---- INFORMATION

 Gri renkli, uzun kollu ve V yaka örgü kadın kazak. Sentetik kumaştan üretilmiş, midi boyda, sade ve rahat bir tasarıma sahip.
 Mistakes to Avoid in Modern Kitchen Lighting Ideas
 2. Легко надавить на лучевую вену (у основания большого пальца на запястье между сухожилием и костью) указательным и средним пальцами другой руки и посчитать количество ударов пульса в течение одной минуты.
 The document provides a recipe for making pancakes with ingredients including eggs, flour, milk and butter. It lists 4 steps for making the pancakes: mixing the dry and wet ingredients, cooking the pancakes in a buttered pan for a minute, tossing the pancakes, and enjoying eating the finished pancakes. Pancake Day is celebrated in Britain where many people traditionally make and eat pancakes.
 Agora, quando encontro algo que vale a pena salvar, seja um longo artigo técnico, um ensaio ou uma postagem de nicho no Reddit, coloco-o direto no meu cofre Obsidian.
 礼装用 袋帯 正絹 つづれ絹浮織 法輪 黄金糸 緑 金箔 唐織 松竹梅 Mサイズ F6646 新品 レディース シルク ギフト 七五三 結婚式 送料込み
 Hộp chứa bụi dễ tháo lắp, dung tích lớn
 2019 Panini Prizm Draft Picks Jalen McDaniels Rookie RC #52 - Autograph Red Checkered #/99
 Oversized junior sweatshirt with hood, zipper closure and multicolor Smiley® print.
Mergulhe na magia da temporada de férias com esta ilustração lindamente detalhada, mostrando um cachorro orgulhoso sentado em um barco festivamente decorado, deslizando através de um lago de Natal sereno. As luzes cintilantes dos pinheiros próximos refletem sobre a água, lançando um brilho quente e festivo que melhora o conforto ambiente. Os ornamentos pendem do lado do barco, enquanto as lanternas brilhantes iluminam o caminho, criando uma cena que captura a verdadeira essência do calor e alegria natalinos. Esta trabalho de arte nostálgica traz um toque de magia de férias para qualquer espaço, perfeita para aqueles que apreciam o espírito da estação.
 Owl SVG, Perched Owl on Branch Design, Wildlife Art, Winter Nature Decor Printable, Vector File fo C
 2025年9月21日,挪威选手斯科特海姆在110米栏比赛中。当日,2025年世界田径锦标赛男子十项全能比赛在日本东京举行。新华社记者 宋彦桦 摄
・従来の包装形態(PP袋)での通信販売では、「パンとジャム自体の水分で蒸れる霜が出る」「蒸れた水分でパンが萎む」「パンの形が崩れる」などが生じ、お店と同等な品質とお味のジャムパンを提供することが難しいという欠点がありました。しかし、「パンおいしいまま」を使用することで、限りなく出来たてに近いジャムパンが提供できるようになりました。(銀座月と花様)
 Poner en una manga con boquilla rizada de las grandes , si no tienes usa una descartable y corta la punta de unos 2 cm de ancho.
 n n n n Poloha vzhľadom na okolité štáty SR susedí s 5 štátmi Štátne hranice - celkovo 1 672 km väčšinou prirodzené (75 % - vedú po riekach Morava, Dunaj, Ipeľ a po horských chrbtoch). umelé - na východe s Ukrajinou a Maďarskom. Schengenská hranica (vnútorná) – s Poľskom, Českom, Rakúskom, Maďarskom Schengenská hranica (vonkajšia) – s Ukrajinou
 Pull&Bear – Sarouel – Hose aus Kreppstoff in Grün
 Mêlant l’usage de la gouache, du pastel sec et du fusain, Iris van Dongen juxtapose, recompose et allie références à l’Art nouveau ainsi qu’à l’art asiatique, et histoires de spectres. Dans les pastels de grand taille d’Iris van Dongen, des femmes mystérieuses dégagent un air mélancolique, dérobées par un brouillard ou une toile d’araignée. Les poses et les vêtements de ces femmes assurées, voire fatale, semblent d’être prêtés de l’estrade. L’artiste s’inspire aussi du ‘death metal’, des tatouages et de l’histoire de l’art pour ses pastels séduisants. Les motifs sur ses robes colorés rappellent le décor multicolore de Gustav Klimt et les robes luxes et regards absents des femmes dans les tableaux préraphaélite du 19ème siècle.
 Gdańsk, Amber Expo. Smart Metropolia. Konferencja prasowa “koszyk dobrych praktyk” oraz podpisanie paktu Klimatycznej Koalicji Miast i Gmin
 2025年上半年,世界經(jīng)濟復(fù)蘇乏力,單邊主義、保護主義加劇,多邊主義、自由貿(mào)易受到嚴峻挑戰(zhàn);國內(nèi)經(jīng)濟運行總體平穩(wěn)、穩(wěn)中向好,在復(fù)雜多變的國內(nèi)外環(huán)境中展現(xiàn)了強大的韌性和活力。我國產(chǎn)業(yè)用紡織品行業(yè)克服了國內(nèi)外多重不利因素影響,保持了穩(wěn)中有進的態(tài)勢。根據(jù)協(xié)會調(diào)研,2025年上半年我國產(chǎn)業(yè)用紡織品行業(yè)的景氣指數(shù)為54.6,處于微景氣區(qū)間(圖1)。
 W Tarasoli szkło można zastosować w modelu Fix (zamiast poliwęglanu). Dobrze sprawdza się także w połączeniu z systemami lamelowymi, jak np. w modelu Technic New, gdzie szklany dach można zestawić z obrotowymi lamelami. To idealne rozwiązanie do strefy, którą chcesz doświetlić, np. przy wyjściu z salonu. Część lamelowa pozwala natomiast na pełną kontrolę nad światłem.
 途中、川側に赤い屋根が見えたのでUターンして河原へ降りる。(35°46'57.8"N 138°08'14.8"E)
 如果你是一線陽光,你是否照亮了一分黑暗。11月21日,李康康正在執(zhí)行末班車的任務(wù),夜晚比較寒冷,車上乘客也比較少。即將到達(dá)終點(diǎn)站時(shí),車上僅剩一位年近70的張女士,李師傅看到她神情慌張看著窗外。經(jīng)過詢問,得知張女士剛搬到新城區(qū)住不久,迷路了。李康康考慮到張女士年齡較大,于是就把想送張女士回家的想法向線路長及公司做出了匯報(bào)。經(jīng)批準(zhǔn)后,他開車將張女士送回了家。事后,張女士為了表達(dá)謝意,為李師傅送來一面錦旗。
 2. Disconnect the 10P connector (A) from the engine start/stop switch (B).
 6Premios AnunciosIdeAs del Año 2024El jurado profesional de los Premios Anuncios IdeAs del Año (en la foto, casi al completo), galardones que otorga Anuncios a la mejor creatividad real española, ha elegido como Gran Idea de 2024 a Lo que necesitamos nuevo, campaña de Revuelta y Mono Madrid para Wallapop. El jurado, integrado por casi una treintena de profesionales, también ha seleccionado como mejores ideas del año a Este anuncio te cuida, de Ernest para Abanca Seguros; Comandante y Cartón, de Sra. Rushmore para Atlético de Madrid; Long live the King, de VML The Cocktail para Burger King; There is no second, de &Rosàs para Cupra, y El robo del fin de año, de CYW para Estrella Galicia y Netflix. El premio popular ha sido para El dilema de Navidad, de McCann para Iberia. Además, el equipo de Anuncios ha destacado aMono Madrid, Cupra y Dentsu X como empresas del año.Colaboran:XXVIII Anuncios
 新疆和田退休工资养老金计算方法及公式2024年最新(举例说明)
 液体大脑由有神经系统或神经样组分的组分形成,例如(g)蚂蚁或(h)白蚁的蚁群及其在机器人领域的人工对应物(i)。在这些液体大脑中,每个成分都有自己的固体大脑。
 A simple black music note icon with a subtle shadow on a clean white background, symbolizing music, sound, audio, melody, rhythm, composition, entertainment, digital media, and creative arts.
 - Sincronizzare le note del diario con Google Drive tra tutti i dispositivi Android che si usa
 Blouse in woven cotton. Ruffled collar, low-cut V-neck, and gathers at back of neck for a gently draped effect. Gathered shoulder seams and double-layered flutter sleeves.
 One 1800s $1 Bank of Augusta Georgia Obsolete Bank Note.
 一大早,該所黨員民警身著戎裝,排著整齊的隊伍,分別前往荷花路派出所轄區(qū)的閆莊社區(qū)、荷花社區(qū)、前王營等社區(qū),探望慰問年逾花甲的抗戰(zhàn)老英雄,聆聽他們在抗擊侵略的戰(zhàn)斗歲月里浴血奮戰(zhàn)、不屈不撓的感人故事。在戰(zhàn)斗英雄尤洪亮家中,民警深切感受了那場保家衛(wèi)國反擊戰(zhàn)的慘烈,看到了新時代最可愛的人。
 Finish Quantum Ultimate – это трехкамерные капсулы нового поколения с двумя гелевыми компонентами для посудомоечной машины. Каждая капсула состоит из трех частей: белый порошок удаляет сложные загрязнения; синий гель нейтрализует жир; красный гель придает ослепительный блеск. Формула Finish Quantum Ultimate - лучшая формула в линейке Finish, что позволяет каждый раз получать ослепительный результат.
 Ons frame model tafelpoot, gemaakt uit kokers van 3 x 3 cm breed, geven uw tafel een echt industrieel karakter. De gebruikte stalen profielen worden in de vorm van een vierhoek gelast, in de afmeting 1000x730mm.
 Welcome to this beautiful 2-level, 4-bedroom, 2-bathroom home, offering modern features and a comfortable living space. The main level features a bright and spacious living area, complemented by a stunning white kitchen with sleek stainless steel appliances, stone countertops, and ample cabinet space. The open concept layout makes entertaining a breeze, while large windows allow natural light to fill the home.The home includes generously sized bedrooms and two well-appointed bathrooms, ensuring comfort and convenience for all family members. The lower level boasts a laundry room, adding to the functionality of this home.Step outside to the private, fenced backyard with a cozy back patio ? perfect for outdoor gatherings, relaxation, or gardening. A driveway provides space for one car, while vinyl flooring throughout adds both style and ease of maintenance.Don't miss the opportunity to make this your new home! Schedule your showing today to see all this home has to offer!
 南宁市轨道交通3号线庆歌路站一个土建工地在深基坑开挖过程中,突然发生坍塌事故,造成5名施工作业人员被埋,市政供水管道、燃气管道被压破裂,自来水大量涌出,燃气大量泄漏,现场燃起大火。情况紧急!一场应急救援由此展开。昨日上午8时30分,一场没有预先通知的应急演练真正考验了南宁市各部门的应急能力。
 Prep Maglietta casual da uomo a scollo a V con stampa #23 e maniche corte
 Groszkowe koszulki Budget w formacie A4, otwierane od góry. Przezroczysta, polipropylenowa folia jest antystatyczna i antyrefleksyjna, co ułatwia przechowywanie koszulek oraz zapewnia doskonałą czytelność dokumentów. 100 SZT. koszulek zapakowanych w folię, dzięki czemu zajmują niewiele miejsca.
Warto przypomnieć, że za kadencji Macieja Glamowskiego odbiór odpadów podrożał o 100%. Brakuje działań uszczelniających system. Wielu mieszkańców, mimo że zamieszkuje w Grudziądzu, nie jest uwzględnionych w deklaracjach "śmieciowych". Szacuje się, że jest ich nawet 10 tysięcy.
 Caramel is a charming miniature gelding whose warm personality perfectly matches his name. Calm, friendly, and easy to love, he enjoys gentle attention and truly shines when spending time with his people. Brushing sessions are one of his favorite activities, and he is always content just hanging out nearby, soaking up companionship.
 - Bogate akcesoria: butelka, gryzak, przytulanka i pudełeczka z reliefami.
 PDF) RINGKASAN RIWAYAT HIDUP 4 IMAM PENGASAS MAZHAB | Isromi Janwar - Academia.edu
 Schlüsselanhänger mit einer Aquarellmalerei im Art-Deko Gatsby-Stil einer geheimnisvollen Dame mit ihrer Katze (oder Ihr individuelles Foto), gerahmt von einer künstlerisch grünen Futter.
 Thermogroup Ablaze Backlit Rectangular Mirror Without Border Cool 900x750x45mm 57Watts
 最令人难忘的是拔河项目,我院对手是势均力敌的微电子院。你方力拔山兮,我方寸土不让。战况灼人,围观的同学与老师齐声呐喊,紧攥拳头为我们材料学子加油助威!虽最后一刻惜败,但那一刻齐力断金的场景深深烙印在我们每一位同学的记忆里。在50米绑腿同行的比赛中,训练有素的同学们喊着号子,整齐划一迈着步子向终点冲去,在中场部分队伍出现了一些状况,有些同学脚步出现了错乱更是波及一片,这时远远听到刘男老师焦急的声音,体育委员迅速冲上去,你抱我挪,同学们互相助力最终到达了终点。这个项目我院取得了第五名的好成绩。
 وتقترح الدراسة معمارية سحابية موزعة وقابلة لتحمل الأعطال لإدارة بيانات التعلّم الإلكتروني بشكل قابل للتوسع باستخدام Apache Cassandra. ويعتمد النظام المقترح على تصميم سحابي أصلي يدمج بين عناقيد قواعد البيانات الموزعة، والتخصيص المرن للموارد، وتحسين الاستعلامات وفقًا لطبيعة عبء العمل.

--------

EXERCISE DIRECTIONS:
Restate word for word the entries above, starting at the line with "液体大脑由有神经系统或神经样" and ending at the line with "A simple black", inclusive, and no others.

COMPLETED EXERCISE:
 液体大脑由有神经系统或神经样组分的组分形成,例如(g)蚂蚁或(h)白蚁的蚁群及其在机器人领域的人工对应物(i)。在这些液体大脑中,每个成分都有自己的固体大脑。
 A simple black music note icon with a subtle shadow on a clean white background, symbolizing music, sound, audio, melody, rhythm, composition, entertainment, digital media, and creative arts.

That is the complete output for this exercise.